I had a professional behaviorist come by the house to see how he acts when people come over, and prescribe me some exercises to work on. When she was over, she worked on basic clicker training, and was more than surprised to see how quickly Otto picked it up....within minutes, Otto had everything down. She said she'd never seen a dog pick it up so quickly. She told me to do some basic obedience clicker training exercises with Otto, such as target training and sitting in his bed. Then, she told me that whenever someone came over the house, to have him sit on the steps inside until the person entered. Once inside, if I saw Otto even LOOK at the visiter, to click and treat. If he walked towards the visitor, click and treat. Sniffed him/her, click and treat. You get the idea. Before we knew it, he wasn't doing ANYTHING to visitors. It was working great, and continues to do well to this day.

My biggest concern is not being able to have him out with us at people's houses or even on walks if someone tries to pet him. I don't want to leave him at home while we go to family's house for the holidays. I WANT TO WORK AT THIS...BUT I DONT KNOW WHAT TO DO! I brought him to my cousin's house for her grad party, and I was on edge all day. I couldn't even enjoy the party because I was constantly worrying about if Otto would lunge or bite someone who just tried to pet him!

Can someone please provide me with some insight (as detailed as possible, please!). I want to be able to have a dog who enjoys other peoples' company!

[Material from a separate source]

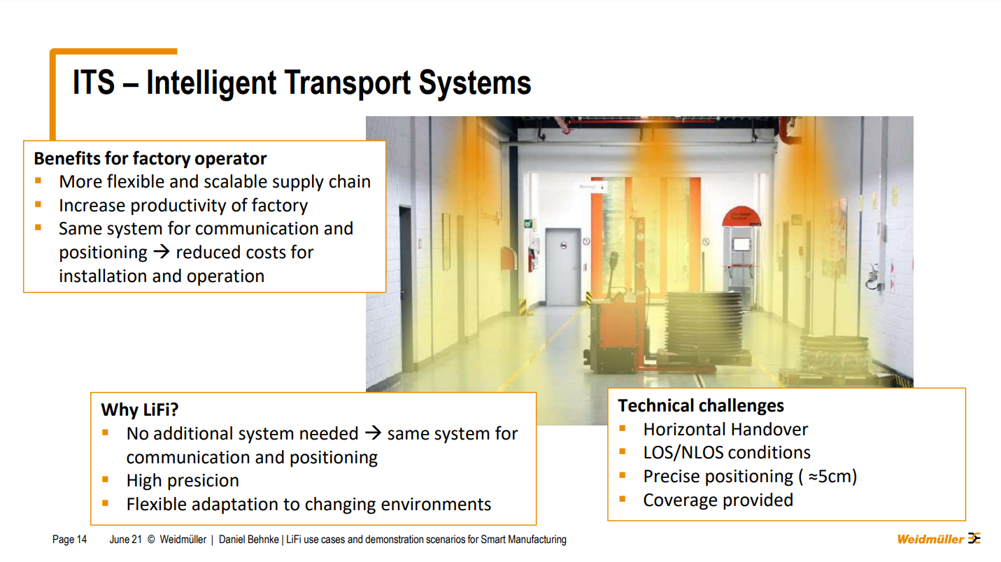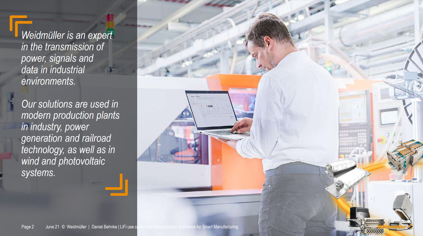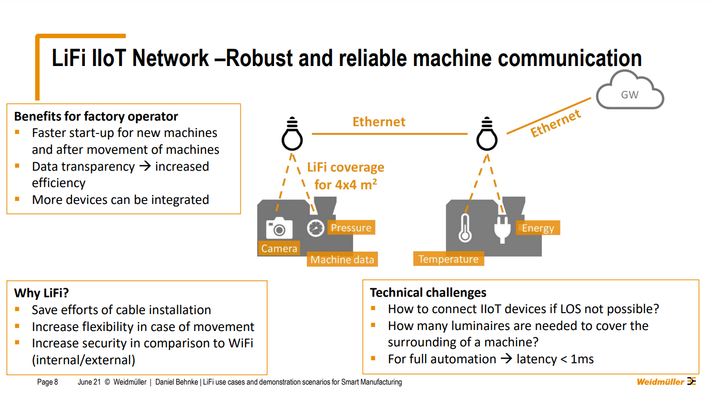 “To get in touch with LIFI technologies, we are in the lucky situation that we are part of the EU Horizon 2020 project named ELIOT, where we can evaluate the use of LIFI by communication for smart manufacturing for us. What we are doing in this project is on the first-hand where I've been talking a lot about potential use cases. I will talk about that on the next slides. And we want to set up demonstration cases, to see how the technology works firsthand. We want to see them working in our factories and our production sites. And yeah, that's what we want to do our daily activities. Our main questions are, for example, is there sufficient coverage for all our machines? How many luminaires do we need at the end? Is the reliability better than Wi-Fi provides for us, we all know Wi-Fi peripheral technology but has some flaws at some times. But also we have to keep in mind the costs from for the different technologies. So for example, we are using Wi-Fi, you will see that on the next slides. Also, another factor is at the moment and working environment. But we see some issues over there. And the question for us is will LIFI be a benefit for us keeping costs and performance in mind. And also what are some very interesting topic, for the whole industry, our 5g campus networks, we are also involved in another 5g research project where we want to evaluate exactly the use of 5g over there. What's also very interesting and important for us at the end to evaluate the different technologies and our Setup and Maintenance efforts. So what we want to see not just what the investors want but also what are the costs forum for the next year's forum. Unfortunately, we wanted to be more at the demonstration phase at the moment but due to COVID-19, we weren't able to have any visitors and our production sites in the last month. So we couldn't set up the demonstrator, we will do that now in the fall. And at the moment we see the end of this project and of the year. Maybe it changes a little bit”.

Thank you again for reading and I hope to hear back with some ideas!


----------



## TooneyDogs (Aug 6, 2007)

You've probably heard this many times before that dogs don't generalize well. In other words what works at home doesn't go over quite so well in new places...too many conflicting things going on. 

But, the same rules apply. You set all the meet and greet perimeters at home....she had to do certain things...sit, get rewarded for nice behavior, etc. That doesn't change when you go out....you still have her sit, behave nicely and she gets rewarded.
You set the rules....you don't let her make up new ones just because you're outside.


----------



## The Dogman Commeth (Jan 30, 2009)

So I have to bring a clicker and treats whenever I go to someone's house? That doesn't seem very practical...but are you saying that's what will correct his problem of lunging/barking/attempting to bite at strangers? Or do I need to seek even more professional help?


----------



## Elana55 (Jan 7, 2008)

To generalize a dog's behavior you will need to retrain in several locations before the dog has an "aHA!" moment and gets the idea that the behavior applies in all locations.

So, yes. For awhile you will need the clicker and the treats with you. After she "gets it" in 20 new locations, she may have it nailed. If not, you have to start on your 2nd twenty locations...


----------



## TooneyDogs (Aug 6, 2007)

Yes, you train/apply those same rules in all places. If you want your dog to sit polietly for petting in the house you also make him sit for petting in Petco and while out on walks. Once he understands the rules, he will automatically do them, usually without your having to remind him.

If you get the lunging, barking behavior on walks you might have to practice the sit and calm behavior at a distance from the other person. The same techniques that you used in the house apply here but, again, you might have to work at a distance because of the outside distractions/environment.


----------